Tribunale Savona, 19/12/2005, n.1112
Intimata tempestiva disdetta del contratto di affitto per la scadenza del 10 novembre 1992 in relazione ad un contratto con scadenza legale posticipata al 10 novembre 1997, la riscossione di canoni di affitto per le annate agrarie 19921993 e 19931994 non di per sé sufficiente a far presumere una dismissione della volontà di ottenere la libera disponibilità del bene locato, ma anche vero che la mancanza di solleciti scritti per ottenere la restituzione del bene e l’assenza di qualsiasi iniziativa giudiziaria diretta al rilascio del bene sino al 2000, possono essere interpretati come manifestazione tacita di rinnovo del contratto, soprattutto se correlate all’avvenuto trattenimento, da parte del locatore, degli assegni circolari inviati dall’affittuario per le annualità successive al 1995. Il trattenimento di predetti assegni, pur senza incassarli, può ingenerare nell’affittuario il ragionevole affidamento in ordine alla prosecuzione del vincolo negoziale, tenuto conto che solo un eventuale rifiuto degli assegni o un’imputazione degli stessi a titolo di acconto dovuto per l’occupazione abusiva, avrebbe potuto inequivocabilmente interpretarsi, da parte dell’affittuario, come esplicita volontà di non rinnovare il contratto.
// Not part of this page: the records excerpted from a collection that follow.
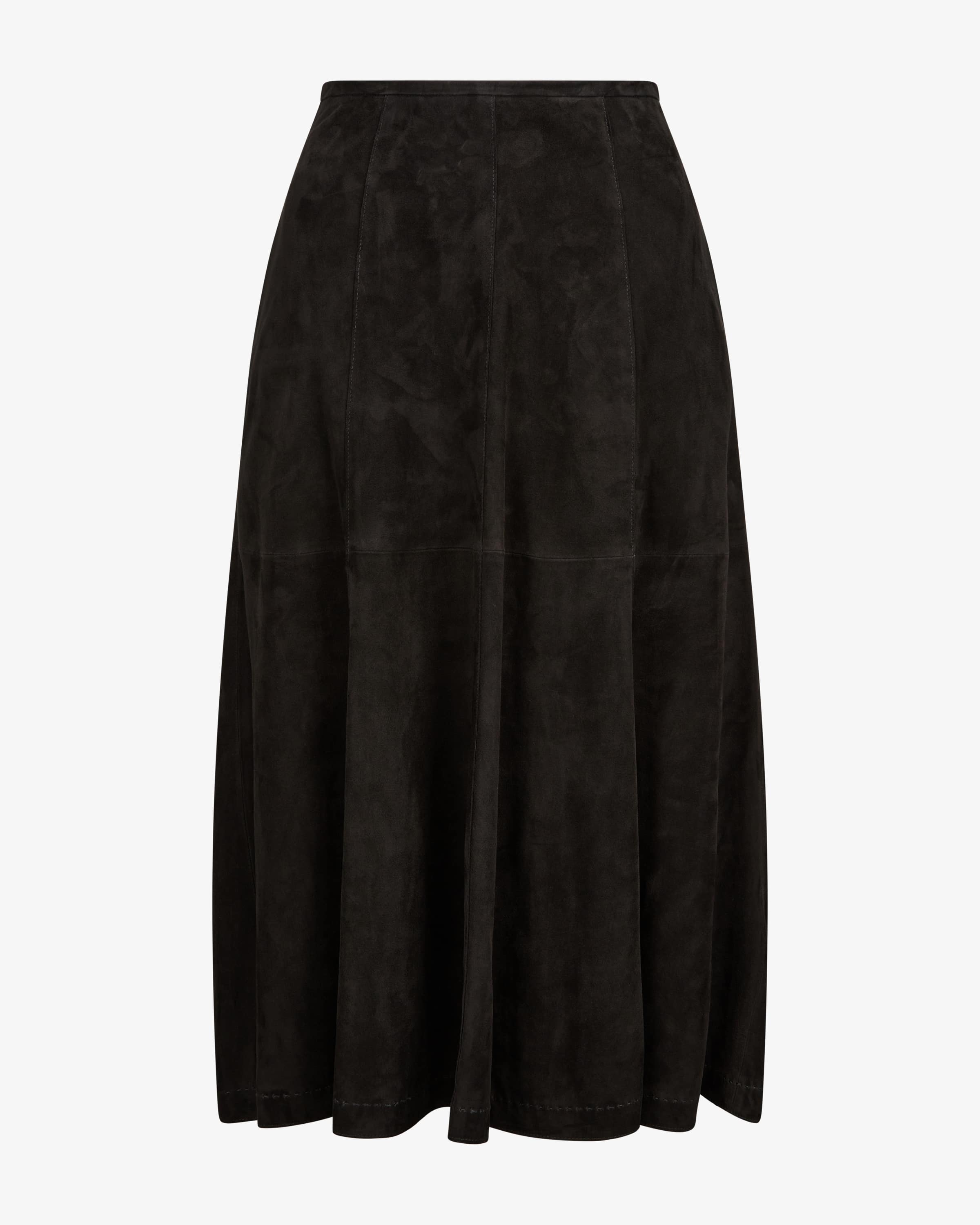 Odila traditional leather skirt for women from Habsburg in black. This model stands out thanks to the high-quality lambskin leather finish in iridescent suede. The flared fit with subtle dividing seams rounds off the feminine traditional look. look.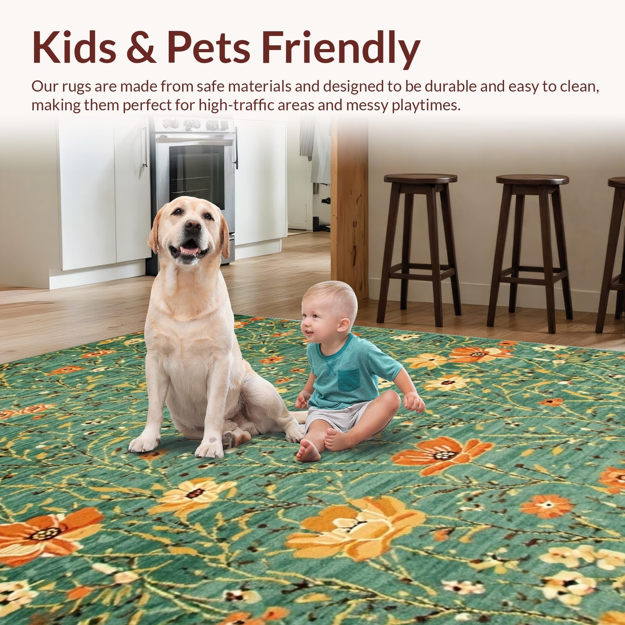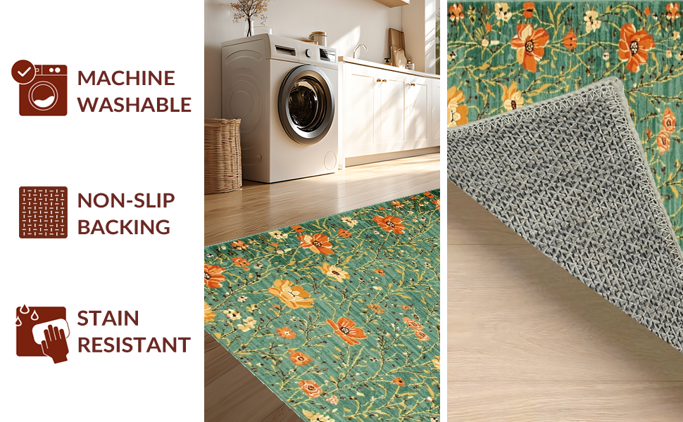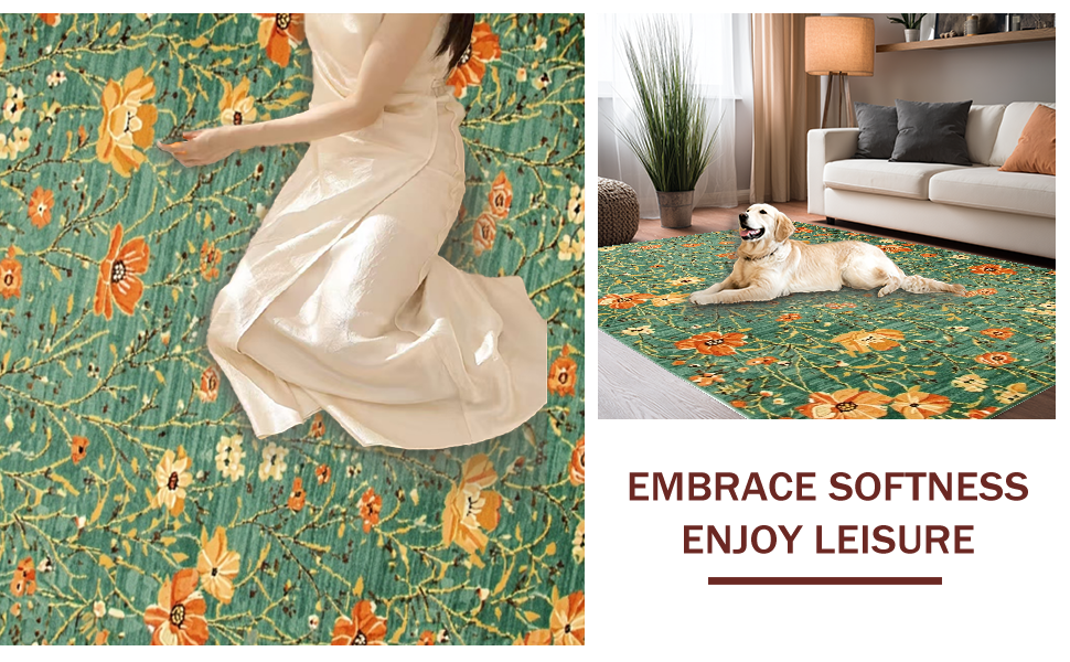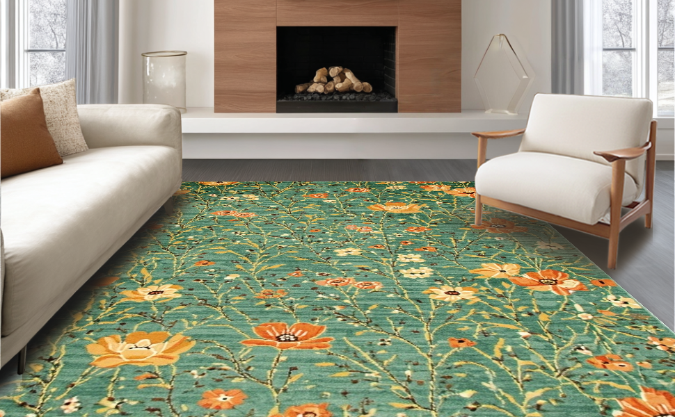 Ultra Soft Area Rug, Non Slip, Stain Resistant, Washable Area Rugs for Living Room, Bedroom, Cozy Warm Organic Design(Green) Overview: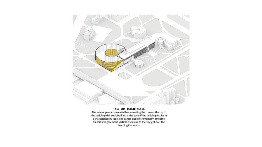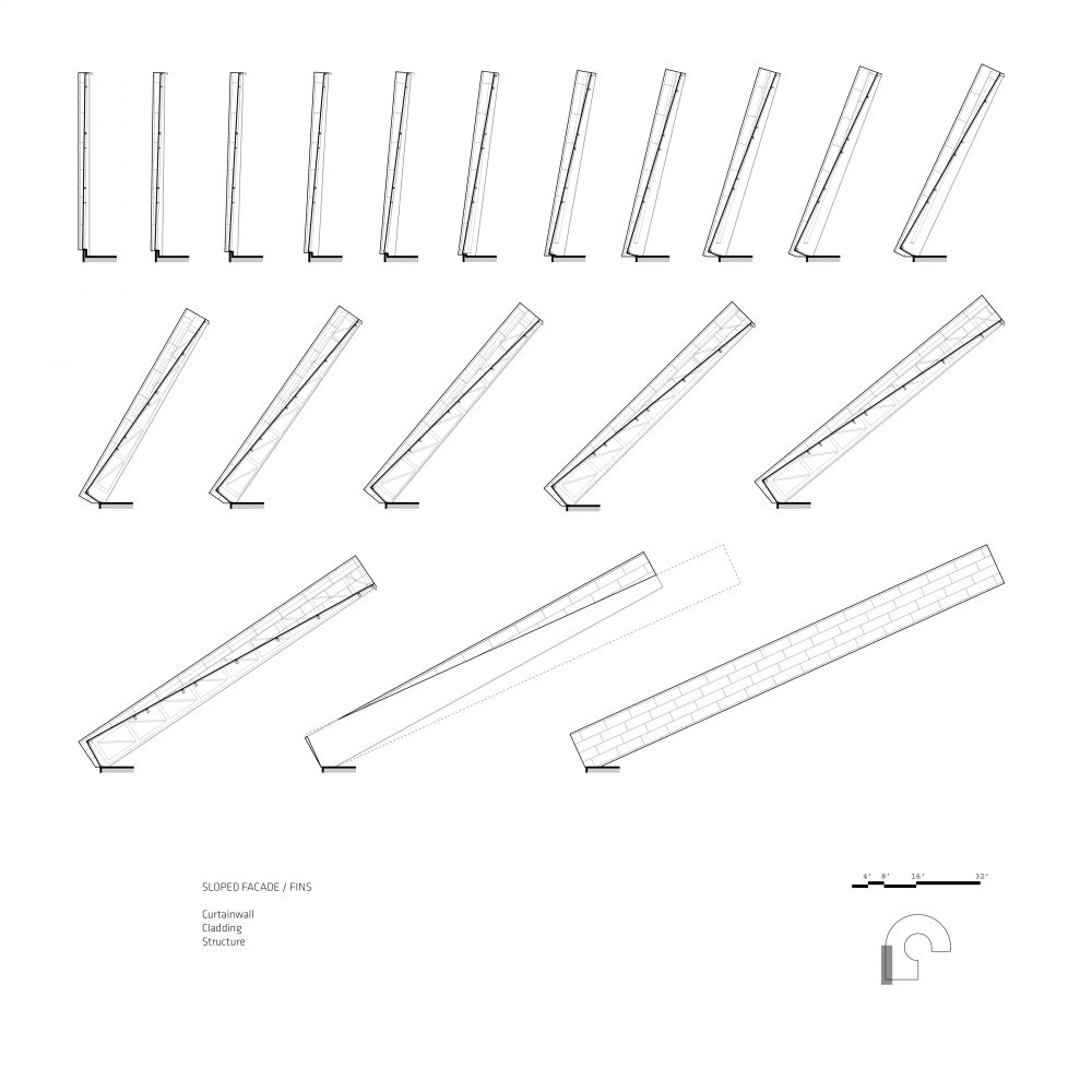 The primary stylistic flourish of the project is the domino-like effect found at the entrance of the building, a remarkably complex structural feature that remains visually consistent. “Even before they start to pitch, the depth of the pillars from the glass gradually increases,” said Goody Clancy Senior Associate George Perkins. “The first few pitched pillars are framed with steel studs, but then structural steel tubes are introduced, and eventually steel trusses. The metal panels and joint locations had to negotiate this changing structural condition.”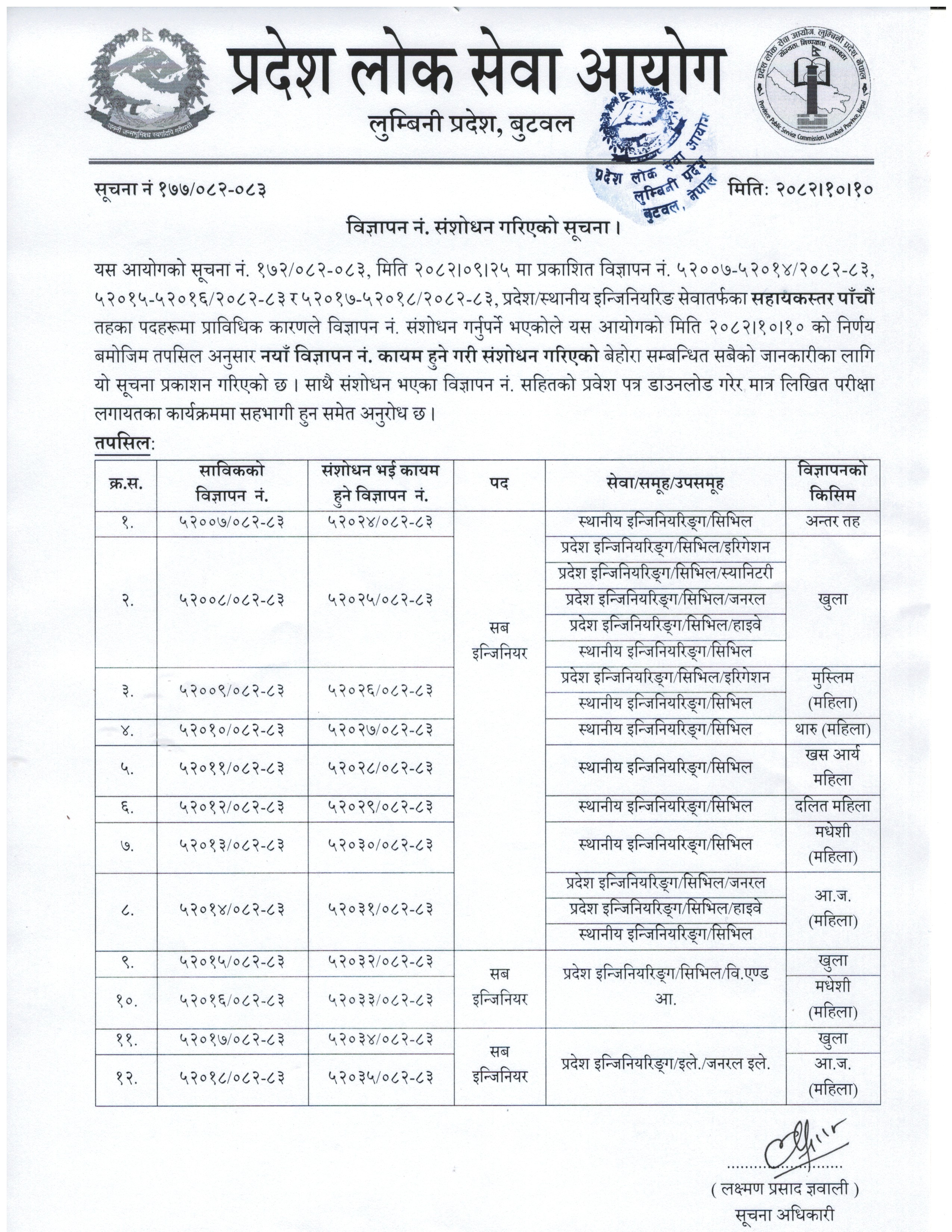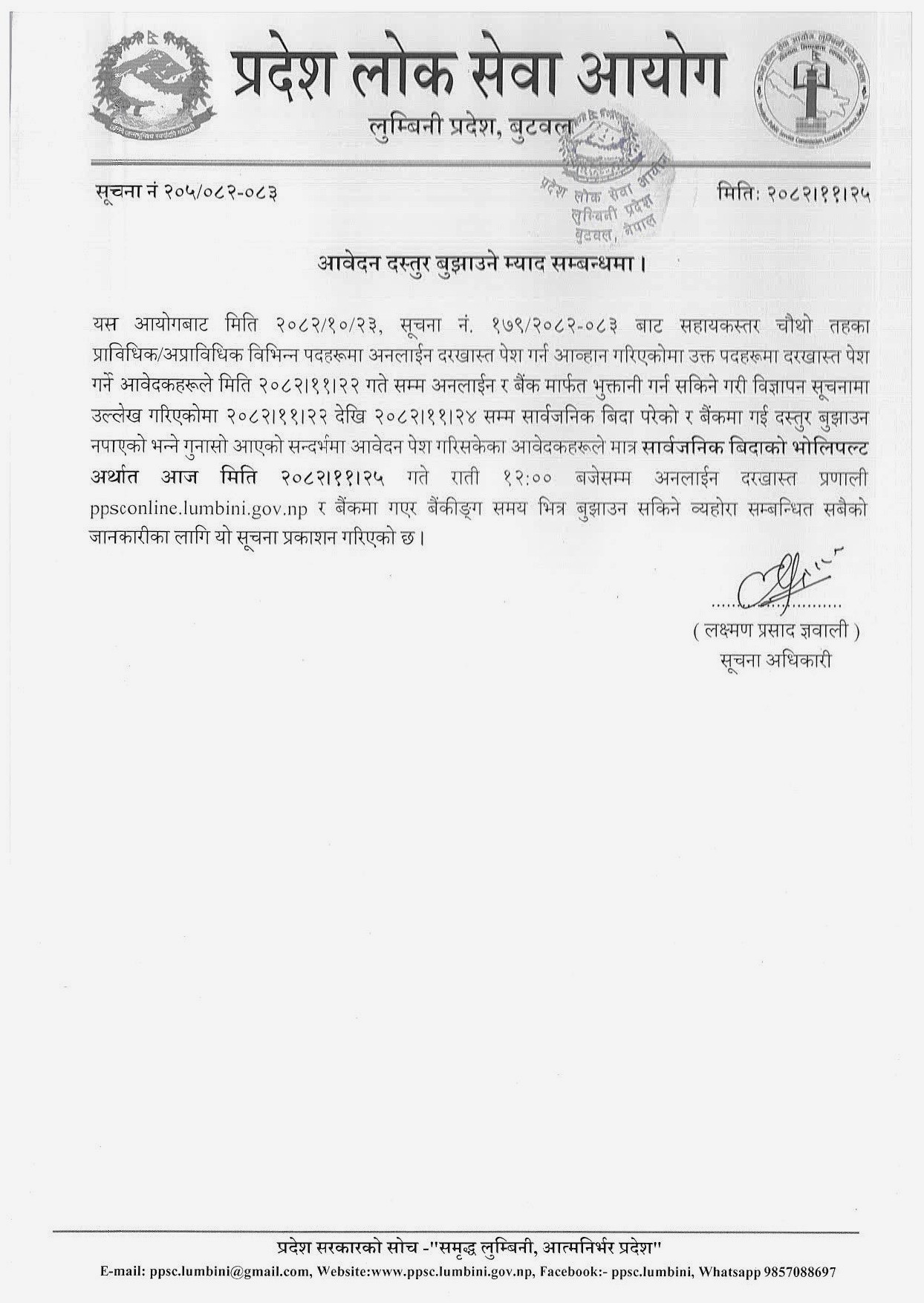 प्रदेश लोक सेवा आयोग, लुम्बिनी प्रदेश

Tribunale Milano, 20/11/2003, n.15568
Locazione d’immobile
Nel caso in cui più soggetti siano comproprietari di un immobile destinato strutturalmente ad azienda per il rimessaggio, la custodia ed il lavaggio auto, e invece l’azienda sia organizzata da una società per azioni (le cui azioni sono ripartite tra i soci comproprietari in conformità delle quote di comproprietà del complesso aziendale), soltanto quest’ultima è legittimata a locare l’azienda a terzi, mentre i singoli comproprietari dell’immobile hanno unicamente il potere di dare al terzo in locazione l’immobile per la quota di cui essi sono titolari: pertanto, ove il contratto stipulato dai singoli comproprietari con il terzo abbia ad oggetto “l’immobile”, senza riferimento ai componenti essenziali del complesso aziendale ed alle modalità di subentro nei rapporti giuridici facenti capo all’azienda da parte dell’affittuario, il rapporto deve qualificarsi come locazione d’immobile ad uso diverso e non come affitto di azienda con ogni conseguenza in ordine alle norme applicabili, alla durata minima del rapporto prevista dalla legge ed al rinnovo automatico del contratto.
Tribunale Bari, 01/03/1991
Affitto e licenza di esercizio
Il proprietario dei locali utilizzati dall’affittuario per esercitare la somministrazione di prodotti alimentari e bevande (nella specie), non ha una posizione qualificata che lo legittimi a contestare (a motivo del mancato rinnovo del contratto di affitto) la legittimità della autorizzazione rilasciata per tale attività, in quanto tale posizione è riconoscibile solo a coloro che si trovano in rapporto di possibile concorrenzialità con il gestore in relazione all’esercizio dell’azienda. Pertanto, il ricorso del proprietario del locale diretto ad ottenere l’annullamento del provvedimento di autorizzazione commerciale rilasciato dall’affittuario è inammissibile.